> **Task objective**: All of the data must be output exactly, with every picture left out.

> **Data section**:
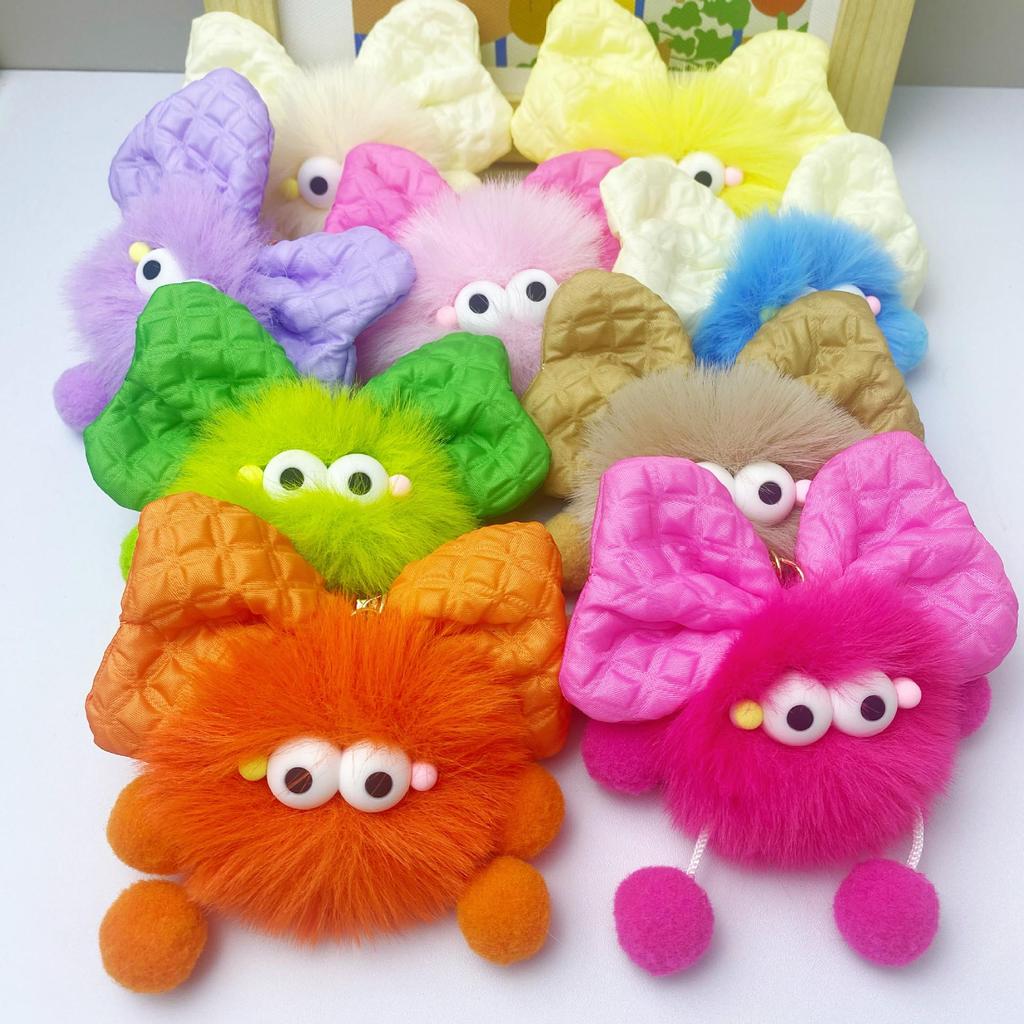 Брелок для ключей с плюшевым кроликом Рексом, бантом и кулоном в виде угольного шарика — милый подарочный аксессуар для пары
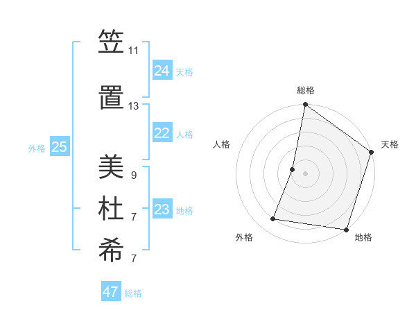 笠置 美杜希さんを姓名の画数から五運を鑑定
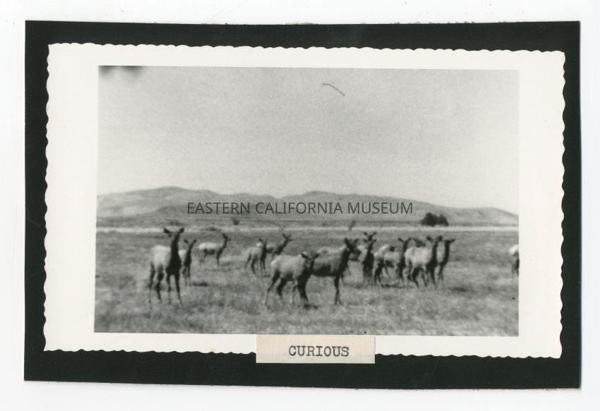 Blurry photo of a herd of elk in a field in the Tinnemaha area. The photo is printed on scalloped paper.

> **Task solution**:
 Брелок для ключей с плюшевым кроликом Рексом, бантом и кулоном в виде угольного шарика — милый подарочный аксессуар для пары
 笠置 美杜希さんを姓名の画数から五運を鑑定
 Blurry photo of a herd of elk in a field in the Tinnemaha area. The photo is printed on scalloped paper.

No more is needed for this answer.